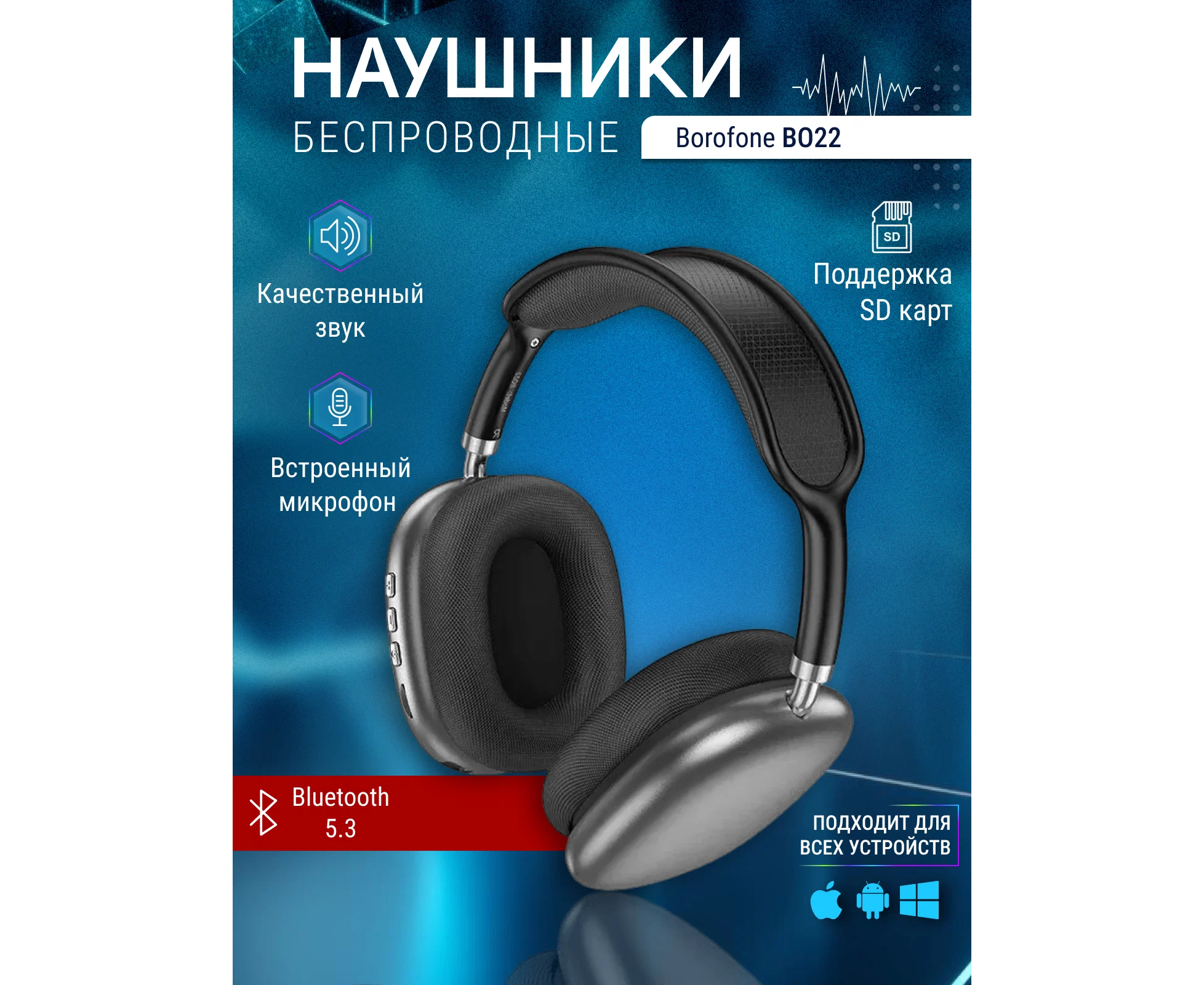 Наушники bluetooth полноразмерные BOROFONE BO22 Plus Elegant BT headphones (серый)
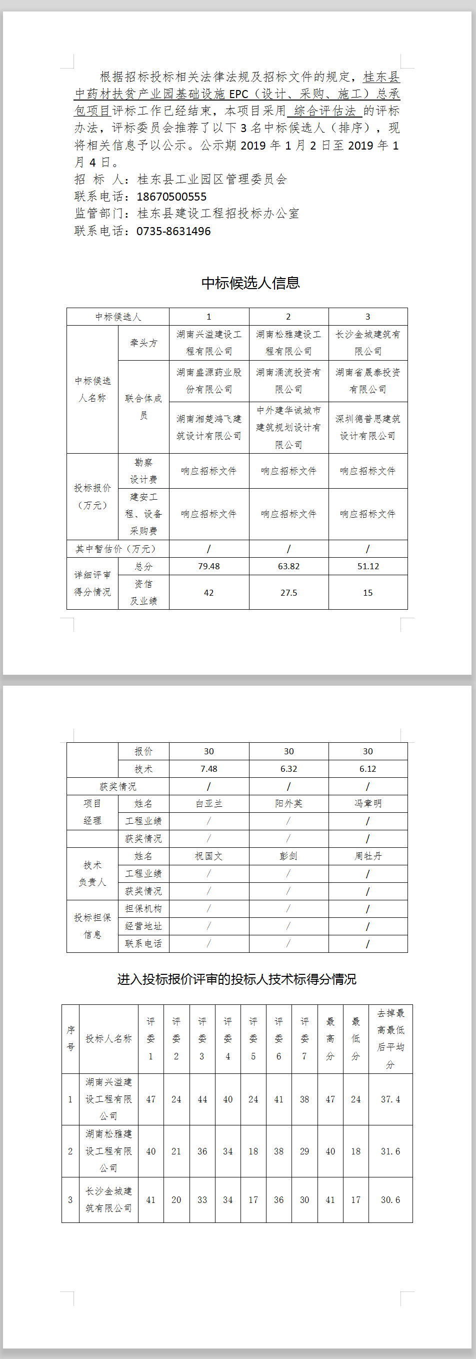 桂東縣中藥材扶貧產(chǎn)業(yè)園基礎(chǔ)設(shè)施EPC(設(shè)計、采購、施工)總承包項目中標候選人公示
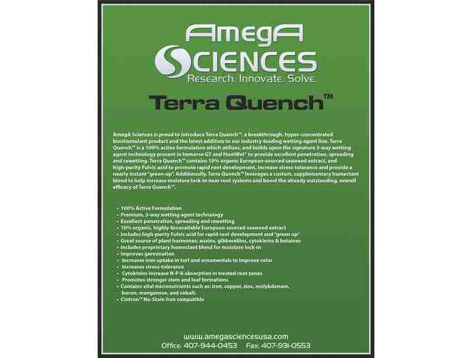 AmegA Sciences is proud to introduce Terra Quench, a breakthrough, ultra-concentrated biostimulant product and the latest addition to our industry-leading wetting agent line. Terra Quench is a 100% active formulation that utilizes and builds upon the signature 3-way wetting agent technology present in Immerse GT and HumWet to provide excellent penetration, spreading, and rewetting. Terra Quench contains 10% organic European-sourced seaweed extract, and high-purity Fulvic acid to promote rapid root development, increase stress tolerance and provide a nearly instant “green-up”. Additionally, Terra Quench leverages a custom, supplementary humectant blend to help increase moisture lock-in near root systems and boost the already outstanding, overall efficacy of Terra Quench.
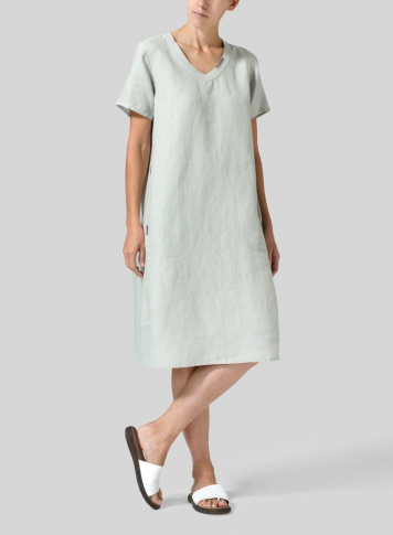 Linen A-shape Patch Pockets Tunic Dress

* Try it *
From the line that contains "AmegA Sciences is" to the last line of the data above, inclusive, transcribe every line exactly and only those lines, omitting pictures.

* Finished exercise *
 AmegA Sciences is proud to introduce Terra Quench, a breakthrough, ultra-concentrated biostimulant product and the latest addition to our industry-leading wetting agent line. Terra Quench is a 100% active formulation that utilizes and builds upon the signature 3-way wetting agent technology present in Immerse GT and HumWet to provide excellent penetration, spreading, and rewetting. Terra Quench contains 10% organic European-sourced seaweed extract, and high-purity Fulvic acid to promote rapid root development, increase stress tolerance and provide a nearly instant “green-up”. Additionally, Terra Quench leverages a custom, supplementary humectant blend to help increase moisture lock-in near root systems and boost the already outstanding, overall efficacy of Terra Quench.
 Linen A-shape Patch Pockets Tunic Dress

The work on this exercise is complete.